You mention that the CatR+ host bacteria (without the SacB-containing plasmid) died when it was grown with 10% sucrose and chloramphenicol. This is not a 'good' result from what I understand. To use this protocol, a cell should only die in sucrose if they contain the SacB gene from the plasmid. Why did your host bacteria die with sucrose, if not due to the SacB gene?

Try Gibson cloning. It saves time and money, and is more simple that all of this.

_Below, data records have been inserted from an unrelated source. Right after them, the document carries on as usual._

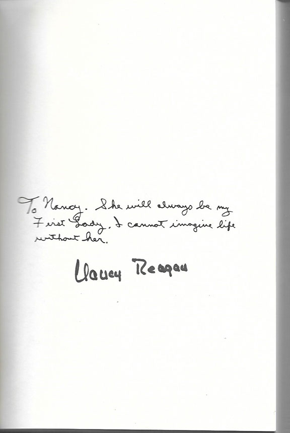 REAGAN, Nancy (1921-2016). American film actress. Second wife of Ronald Reagan, 40th President of the United States. Very popular First Lady. “An American Life, Autobiography of Ronald Reagan” Simon & Schuster, 1990. Signed by Nancy Reagan on the dedication page. In fine condition with the dust jacket. Most unusual to find Nancy Reagan signing this particular book........SOLD![]() ![]() |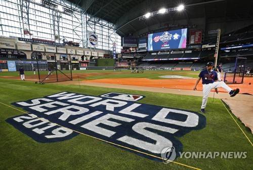 epa07939393 A Houston Astros player steps over the rope around the World Series log after picking up a baseball at batting practice during the 2019 MLB World Series Media Day at Minute Maid Park in Houston, Texas, USA, 21 October 2019. The American League Champion Houston Astros will play the National League Champion Washington Nationals in the 115th Fall Classic; World Series. The series is the best of seven games. EPA/LARRY W. SMITH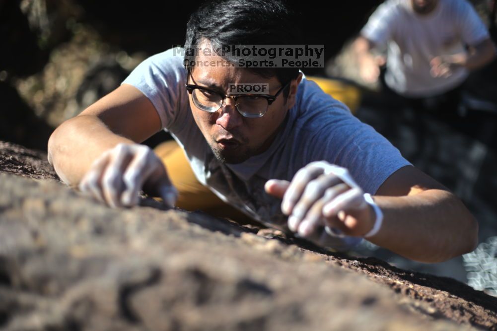 Blue Lizard Climbing and Yoga Hueco Tanks guiding on December 12, 2021, with Avery & Mia, Kevin, Jason, and JP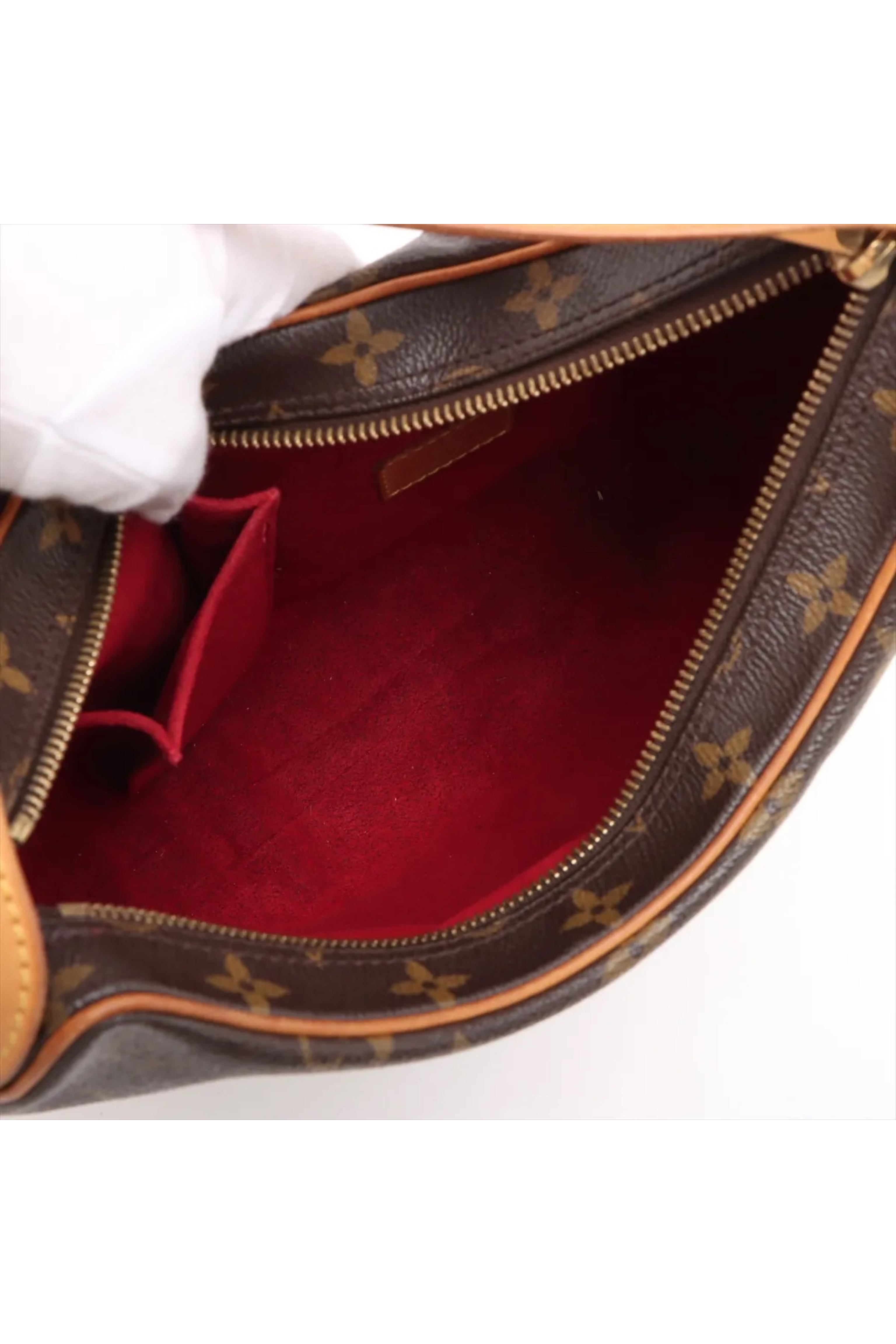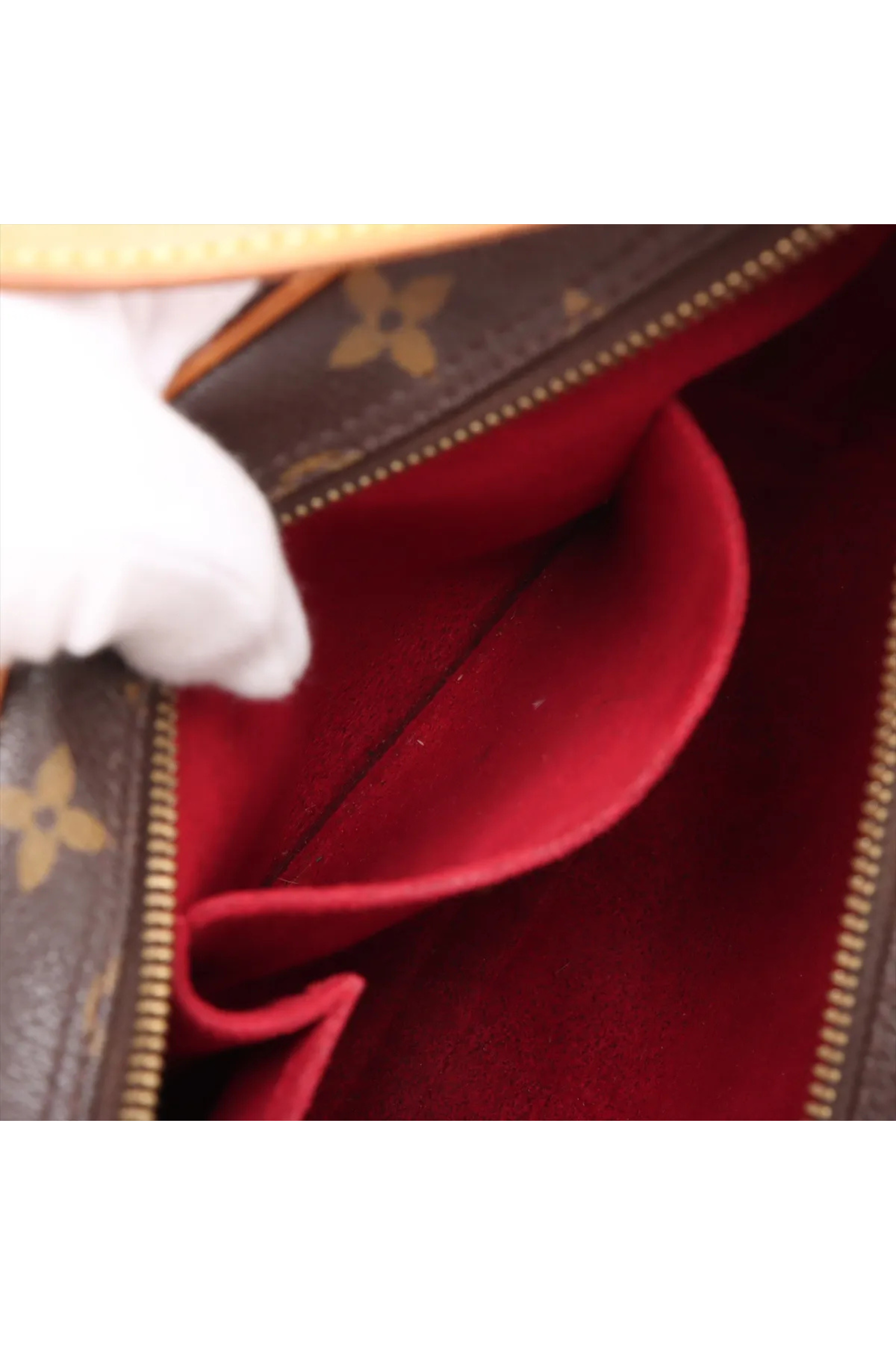 Tasken er smukt fremstillet i Louis Vuittons klassiske Monogram Canvas med en elegant, justerbar skulderrem i lyst Vachetta-læder og skinnende guldfarvet hardware. Når du åbner den bløde lynlås, afsløres et luksuriøst indre foret med rød Alcantara (mikrofiber), som både er smukt at se på og utroligt slidstærkt. Tasken har god plads til dine vigtigste must-haves og rummer desuden en praktisk lille stiklomme indvendigt.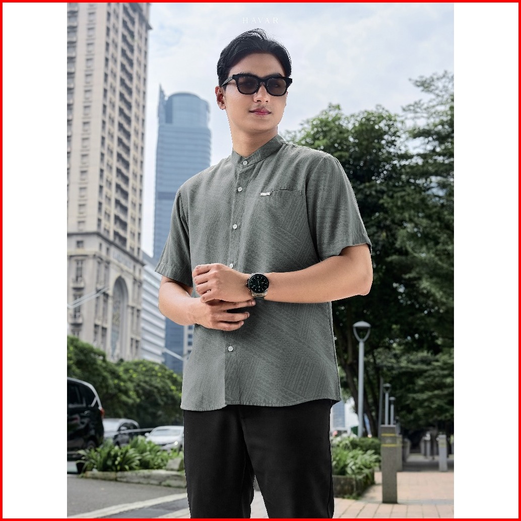Havar Verde Sage Green Kemeja Koko Muslim Premium Slimfit Lengan Pendek

@Nicole Wheatley: I believe the system the poster is using is an antibiotic free selection system where plasmid transformation suppresses expression of chromosomal sacB leading to survival on sucrose. This isn't my field but a lot of regulatory agencies don't like the idea of using antibiotic selection for anything that might be used for human consumption, so there are a lot of systems out there based on conditionally lethal genes or nutritional selection in minimal media.

@Januar Ishak

Honestly if you have colonies my first guess would simply be that your colony PCR isn't working and you should just try miniprepping some colonies and digesting them with a restriction enzyme, I'd try that before troubleshooting the selection itself. Colony PCR is a quick and dirty method and it's pretty failure prone.

@alexandra Johnson: Yes, I now see that he says the SacB is on the host chromosome. I've only ever seen SacB systems with SacB in the plasmid.

Sorry for the confusion Januar Ishak~!